On taking holiday

“I have booked a day of leave for childcare and now I realise I don’t need it. I don’t really want to go to work – I really need some downtime, but I feel guilty not going.”

When I managed postdocs and academics, I used to spend quite a lot of time encouraging and checking that people were taking their holidays. Holidays in academia can be weird. Despite working in a University for 26 years, I never managed to convince my grandparents that we didn’t have the same times off as the students (especially not in the long summer break). Times out of term are actually pretty precious at least to academics because this is the time when there is a chance we might be able to stop firefighting, catch up with marking and course planning, and maybe even attend to research projects or scholarship activities. This time is precious particularly for research academics for whom esteem and career progression likely depend heavily on research outputs and grant winning. So academics who teach can’t take holiday during student terms because they are teaching, and are reluctant to take holiday in the student holidays because that is eating into precious research time.

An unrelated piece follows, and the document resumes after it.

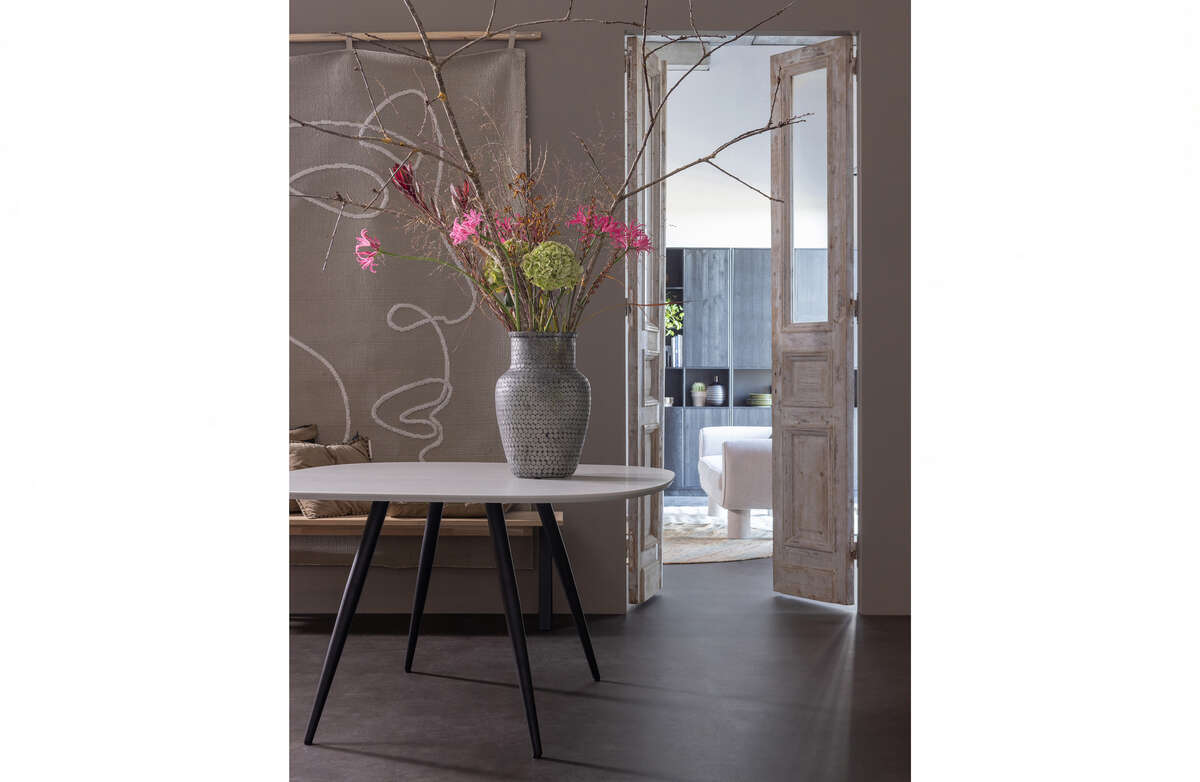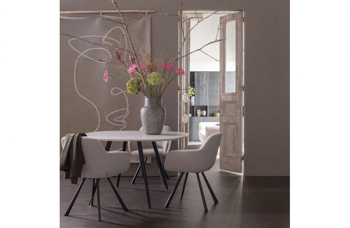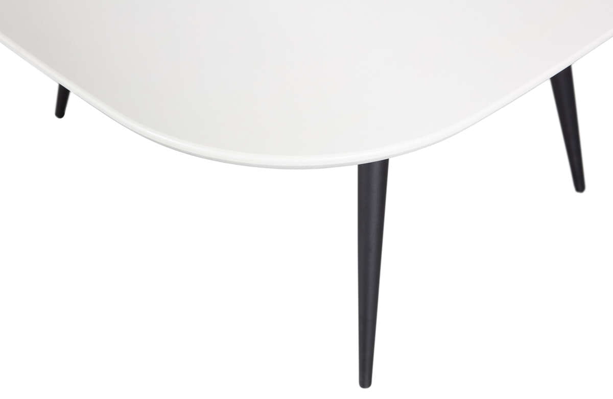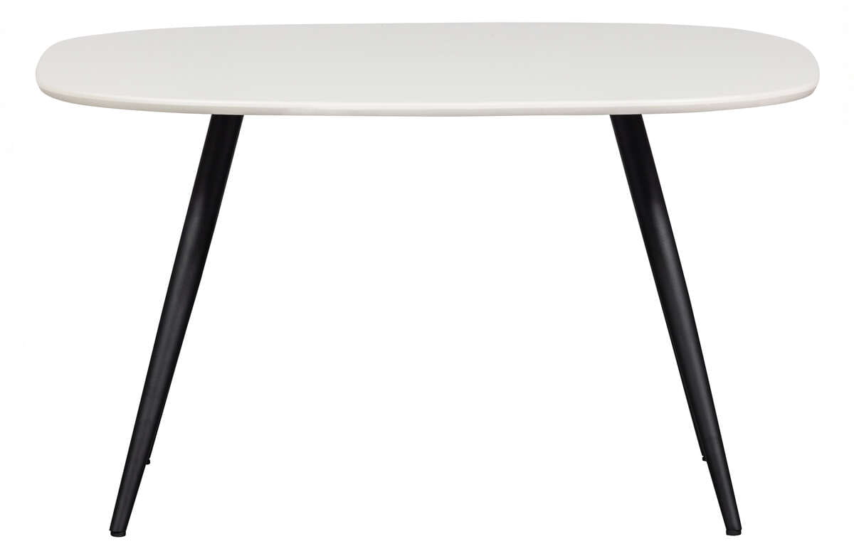 Organicznie ukształtowany blat stołu ma szerokość i długość 130 cm, ale nie można nazwać go ani okrągłym, ani kwadratowym. Wykonany został ze szlifowanego dębu z certyfikatem FSC, pomalowanego białym lakierem o matowym wykończeniu. Stół Tablo posiada delikatne, okrągłe nogi ze stalowej rurki malowanej proszkowo na czarno o średnicy od 5 cm na górze do ø 3 cm na dole.

Some other barriers to taking holidays are internal: the fear that even one day out will lead to someone else being ahead of you in the race to a lecturer position or a grant application (a particular issue with postdocs) or the threat of the state of the inbox when you get back. Some barriers are external: the need to earn additional income where possible or deadlines, conferences and meetings scheduled outside term time. (Of course, when travel was possible and for those without other constraints such as school holidays, many academics managed to combine holidays with conferences and thus get to places they may not otherwise have visited). When I started in academia, no-one monitored your holiday (they did by the time I left!) and whilst I expect some people took advantage of that, many of the people I worked with took far less than they were entitled to.

There is so much evidence that taking holidays is beneficial in terms of preventing burn-out, allowing new perspectives and where needed, resting physically. But it appears to be so hard to do for ourselves. This is where supervisors, line managers and mentors can be really important for academics and researchers, and where peer support can also help.

Top 3 things line managers and mentors can do to help people take the time out that they need to:

  • Check that people have planned time off and help them manage their concerns about doing so
  • Take time out themselves and talk about it openly – model self-awareness and self-care (and do not answer emails during the time you are away – I know it’s hard, but if you have planned it right and managed expectations before you go, everything important will still be there when you get back. Unplug!)
  • Do not set deadlines for important things (promotion cases, grant funding, exam marking) immediately after widely adopted holidays e.g. 3rd January

The more we normalise taking time out, the easier it becomes to do. Academic workload culture is pretty toxic right now – so we need to start talking differently.